The transdermally absorbable preparation of the present invention is preferably stored in a package made of a packaging material having high sealing properties and light shielding properties and stored until just before use.
As the packaging material having a high sealing property and high light-shielding property used for the package, a material generally used for packaging a percutaneous absorption preparation can be used. Examples of highly sealing packaging materials include polyolefin resin films such as polyethylene film, polypropylene film, and polymethylpentene film; polyvinyl chloride film, polyvinylidene chloride film, polyvinyl alcohol film, polystyrene film, polyacrylonitrile film, ionomer Examples thereof include vinyl resin films such as films; polyester resin films such as polyethylene terephthalate films; polyamide resin films such as nylon films; cellulose resin films such as cellophane; polycarbonate resin films and laminated films thereof. In addition to sealing properties, if the light-shielding property is improved, the above-mentioned resin films and their laminated films, etc. and aluminum laminated films, and packaging materials such as pigment-added resin films in which black pigments are added to the aforementioned resin films These resin films, laminated films, etc. can be used in various combinations as a laminate.
The percutaneously absorbable preparation can be accommodated in a package manufactured by the above laminate, and sealed and stored by a known method such as heat sealing.

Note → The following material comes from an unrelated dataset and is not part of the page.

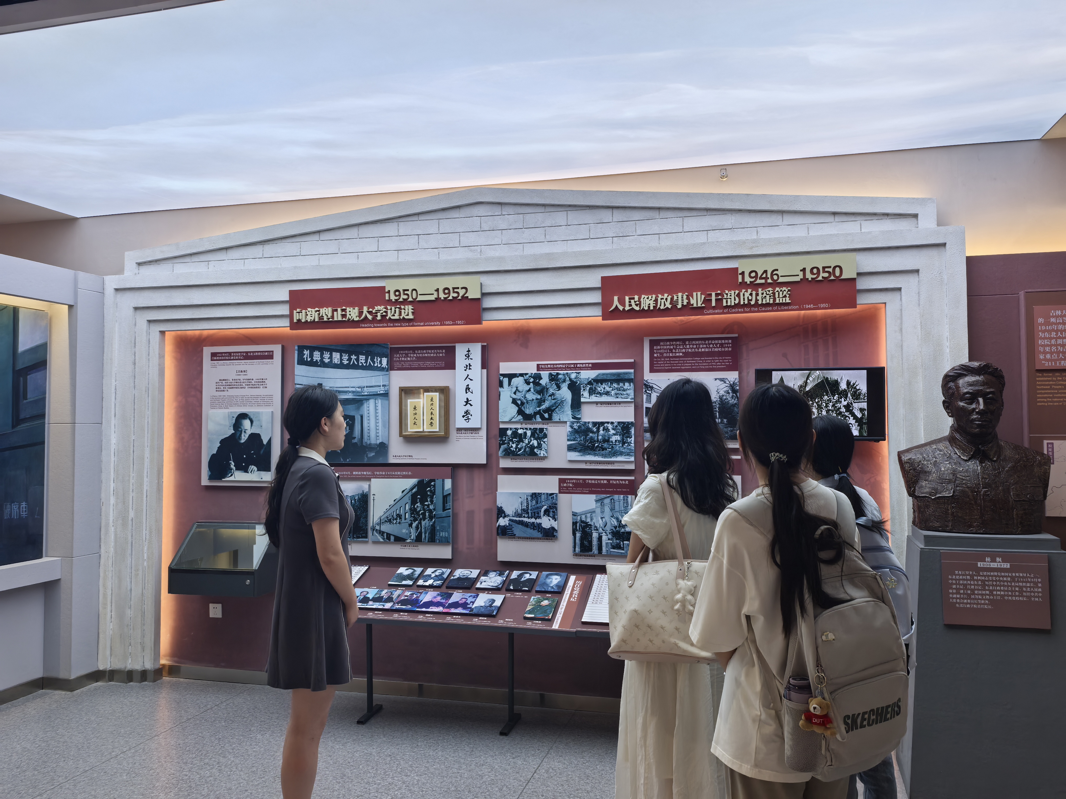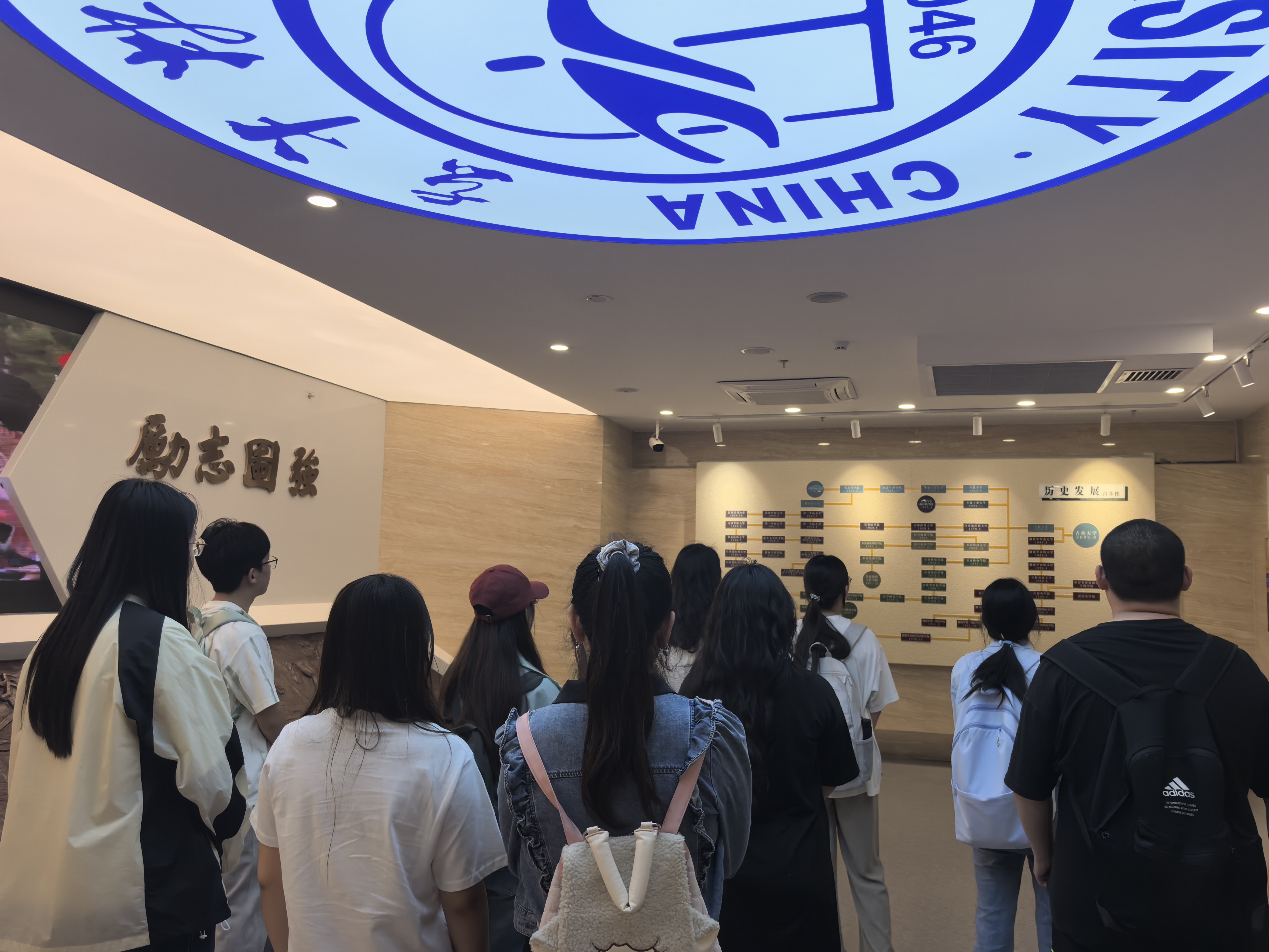 活动开始前,同学们在校史馆门前有序完成签到、合影等流程,随后跟随讲解员进入校史馆。踏入展厅,镌刻着“求实创新,励志图强”校训的巨型展板瞬间吸引众人目光——苍劲有力的字体,彰显着吉大建校以来的精神内核。在讲解员的解读下,积极分子们对这八字校训的深刻内涵有了初步认知,也为这场校史之旅拉开了精彩序幕。

In particular, the innermost layer of the package is preferably a layer that is non-adsorbable with respect to rivastigmine. For example, EVOH (ethylene-vinyl alcohol copolymer) is preferably used as the innermost layer.
Moreover, it is preferable that a package body has a film or sheet | seat containing the layer containing an oxygen absorber from the surface of stability of rivastigmine. The oxygen absorber is not particularly limited, but in addition to inorganic oxides such as cesium oxide, zinc oxide, titanium dioxide and iron oxide, iron powder such as iron and iron carbide, and electrolytes such as metal halide salts Reduction mixtures such as sulfites, thiosulfates, ferrous salts, polyphenols such as hydroquinone, catechol, resorcin, pyrogallol, reducing sugars such as glucose, ascorbic acid, ersorbic acid, etc. Heat, such as an arbitrary composition mainly containing a reducing agent such as a high alcohol, or an unsaturated organic compound such as an unsaturated fatty acid compound or a chain hydrocarbon polymer having an unsaturated group, a polyamide, and a polyolefin Examples thereof include a composition containing a plastic polymer as a main ingredient and an oxygen absorption promoting substance such as a transition metal salt, or a mixed system thereof. Examples of the packaging material containing an oxygen absorbent include Oxygard (registered trademark) (manufactured by Toyo Seikan Co., Ltd.) and Oxycatch (registered trademark) (manufactured by Kyodo Printing Co., Ltd.). Further, the oxygen absorbent may be present not only in the package (in the packaging material) but also in a form separately enclosed in the package.
Furthermore, it is particularly preferable from the viewpoint of the stability of rivastigmine that the percutaneously absorbable preparation is accommodated in the package and the atmosphere in the package is replaced with nitrogen by a vacuum gas packaging machine or the like.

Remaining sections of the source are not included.